Closed JanCVanB closed 2 years ago

JanCVanB commented 2 years ago

664 proposes the following very-helpful builtins:

toI8   : Int * -> I8
toI16  : Int * -> I16
toI32  : Int * -> I32
toI64  : Int * -> I64
toI128 : Int * -> I128
toU8   : Int * -> U8
toU16  : Int * -> U16
toU32  : Int * -> U32
toU64  : Int * -> U64
toU128 : Int * -> U128
toF32  : Num * -> F32
toF64  : Num * -> F64

However, I think their return values should be Results with Errs like [ TooLow, TooHigh ]*:

toI8   : Int * -> Result I8   [ TooLow, TooHigh ]*
toI16  : Int * -> Result I16  [ TooLow, TooHigh ]*
toI32  : Int * -> Result I32  [ TooLow, TooHigh ]*
toI64  : Int * -> Result I64  [ TooLow, TooHigh ]*
toI128 : Int * -> Result I128 [ TooHigh ]*
toU8   : Int * -> Result U8   [ TooLow, TooHigh ]*
toU16  : Int * -> Result U16  [ TooLow, TooHigh ]*
toU32  : Int * -> Result U32  [ TooLow, TooHigh ]*
toU64  : Int * -> Result U64  [ TooLow, TooHigh ]*
toU128 : Int * -> Result U128 [ TooLow ]*
toF32  : Num * -> Result F32  [ TooLow, TooHigh ]*
toF64  : Num * -> Result F64  [ TooLow, TooHigh ]*

@rtfeldman Do you agree? Should the Errs be simplified to something like[ OutOfBounds ]*?

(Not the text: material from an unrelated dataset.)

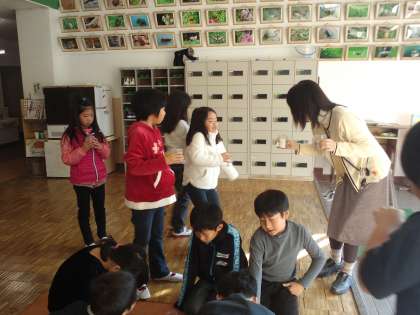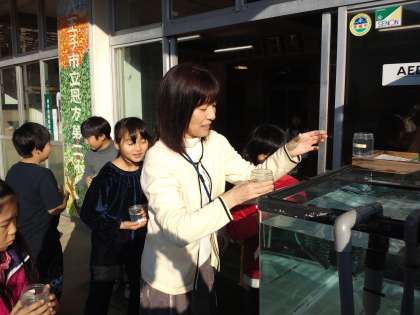 始業式の日に、冷蔵庫の中で飼っていたヤマメの稚魚を大きな水槽に移しました。その時の様子です。

Additionally, how should these be implemented?

  1. Compose the Num.toStr implementation with the Str.to{Num *} implementation (This seems inefficient, but it would work)
  2. Attempt to cast between numeric types and catch any error (With .into()?)
  3. Another approach

@ayazhafiz Thank you for your help on my previous numeric builtin work. What do you think about this implementation question?

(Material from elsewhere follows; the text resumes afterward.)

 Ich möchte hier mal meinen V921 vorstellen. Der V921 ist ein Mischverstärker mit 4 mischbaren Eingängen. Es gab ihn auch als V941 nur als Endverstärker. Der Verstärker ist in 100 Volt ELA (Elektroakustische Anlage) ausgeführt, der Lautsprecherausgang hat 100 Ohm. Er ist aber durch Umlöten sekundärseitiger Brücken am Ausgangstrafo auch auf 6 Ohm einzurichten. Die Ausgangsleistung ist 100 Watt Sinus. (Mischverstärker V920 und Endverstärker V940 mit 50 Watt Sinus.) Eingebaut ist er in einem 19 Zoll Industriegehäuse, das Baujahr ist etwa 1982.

ayazhafiz commented 2 years ago

I don't know how I feel about the ergonomics of e.g. toI128 : Int * -> Result I128 [ TooHigh ]*. toI28 should succeed with any integer type I give it except U128; for the rest I feel most users would dislike having to explicitly handle an error that can never happen.

However, creating toI128FromU8 and all such varieties is probably a bad idea because of the combinatorial explosion and the difficulty of reading those names. Maybe this is a good candidate for "magic" casts like Rust's n as i128 or zig's @intCast (the later isn't that special, zig just lets you pass around types in compile-time value positions)

Implementation wise,

rtfeldman commented 2 years ago

Interesting design question!

One of the design principles I have for the lowest-level primitive operations is that ideally there should be a way to get Roc to emit any CPU instruction except in cases where doing so would be memory-unsafe. That's one of the reasons we have Num.addWrap, for example.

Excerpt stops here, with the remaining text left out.